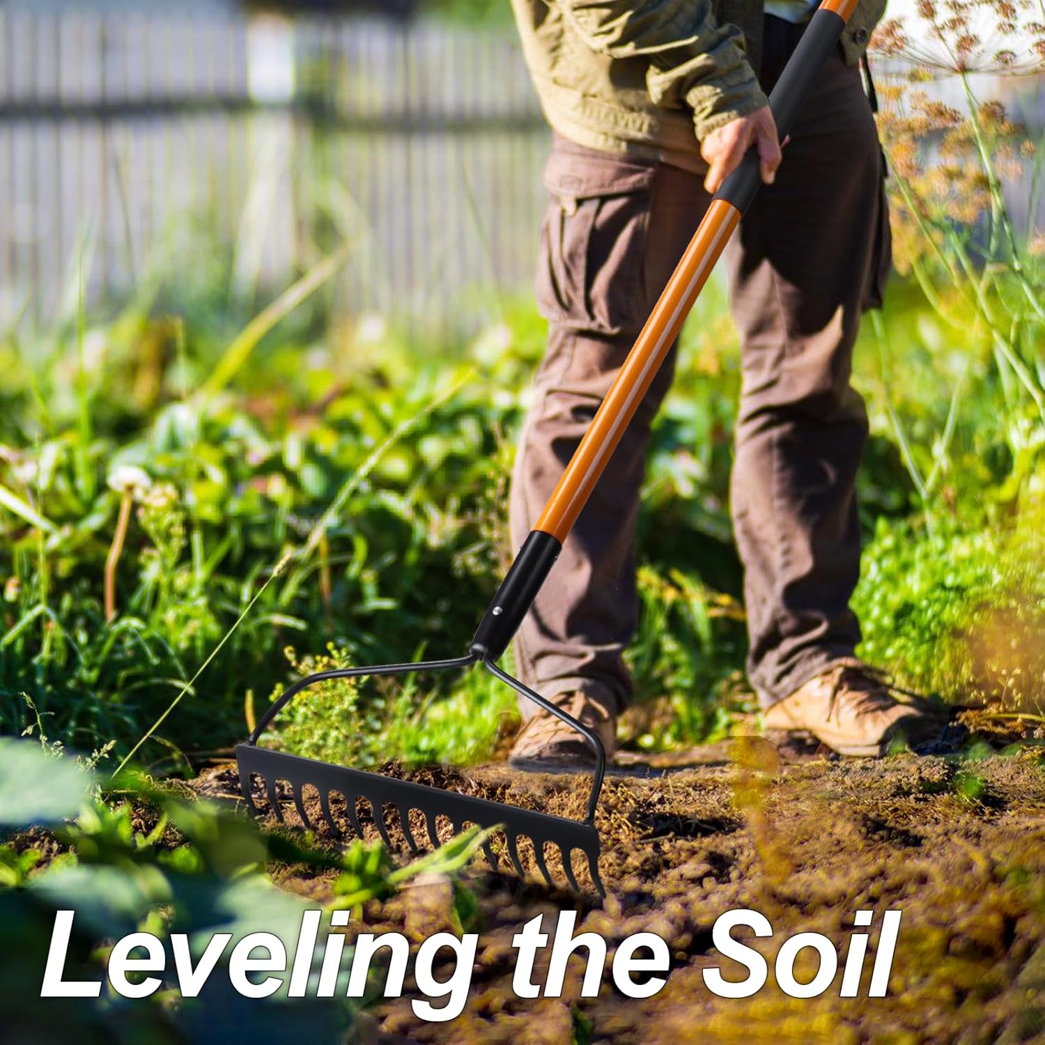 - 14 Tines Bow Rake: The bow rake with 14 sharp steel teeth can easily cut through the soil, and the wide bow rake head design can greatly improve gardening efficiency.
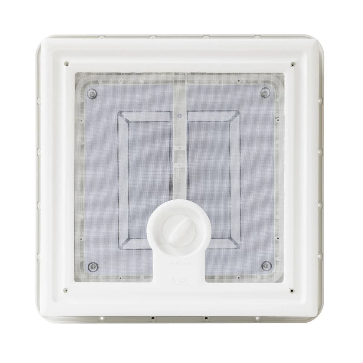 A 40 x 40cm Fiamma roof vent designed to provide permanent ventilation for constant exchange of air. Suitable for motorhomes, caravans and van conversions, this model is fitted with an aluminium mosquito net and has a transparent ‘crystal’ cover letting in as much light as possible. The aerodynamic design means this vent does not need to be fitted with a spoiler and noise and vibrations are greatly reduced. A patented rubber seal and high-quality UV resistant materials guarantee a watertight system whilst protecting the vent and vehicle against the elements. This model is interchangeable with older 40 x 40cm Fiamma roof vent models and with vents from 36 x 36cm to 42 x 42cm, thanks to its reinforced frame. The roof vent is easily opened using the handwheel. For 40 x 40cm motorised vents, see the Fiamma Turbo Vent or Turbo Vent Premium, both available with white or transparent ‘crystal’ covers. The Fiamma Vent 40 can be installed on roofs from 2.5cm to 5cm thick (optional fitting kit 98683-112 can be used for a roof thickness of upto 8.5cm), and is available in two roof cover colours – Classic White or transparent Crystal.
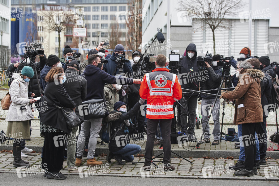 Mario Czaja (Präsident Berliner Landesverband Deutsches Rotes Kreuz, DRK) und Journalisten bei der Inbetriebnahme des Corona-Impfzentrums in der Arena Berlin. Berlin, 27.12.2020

-*-*-

- Exercise objective -
Repeat the material above verbatim. Leave the pictures behind.

- Written reply -
 - 14 Tines Bow Rake: The bow rake with 14 sharp steel teeth can easily cut through the soil, and the wide bow rake head design can greatly improve gardening efficiency.
 A 40 x 40cm Fiamma roof vent designed to provide permanent ventilation for constant exchange of air. Suitable for motorhomes, caravans and van conversions, this model is fitted with an aluminium mosquito net and has a transparent ‘crystal’ cover letting in as much light as possible. The aerodynamic design means this vent does not need to be fitted with a spoiler and noise and vibrations are greatly reduced. A patented rubber seal and high-quality UV resistant materials guarantee a watertight system whilst protecting the vent and vehicle against the elements. This model is interchangeable with older 40 x 40cm Fiamma roof vent models and with vents from 36 x 36cm to 42 x 42cm, thanks to its reinforced frame. The roof vent is easily opened using the handwheel. For 40 x 40cm motorised vents, see the Fiamma Turbo Vent or Turbo Vent Premium, both available with white or transparent ‘crystal’ covers. The Fiamma Vent 40 can be installed on roofs from 2.5cm to 5cm thick (optional fitting kit 98683-112 can be used for a roof thickness of upto 8.5cm), and is available in two roof cover colours – Classic White or transparent Crystal.
 Mario Czaja (Präsident Berliner Landesverband Deutsches Rotes Kreuz, DRK) und Journalisten bei der Inbetriebnahme des Corona-Impfzentrums in der Arena Berlin. Berlin, 27.12.2020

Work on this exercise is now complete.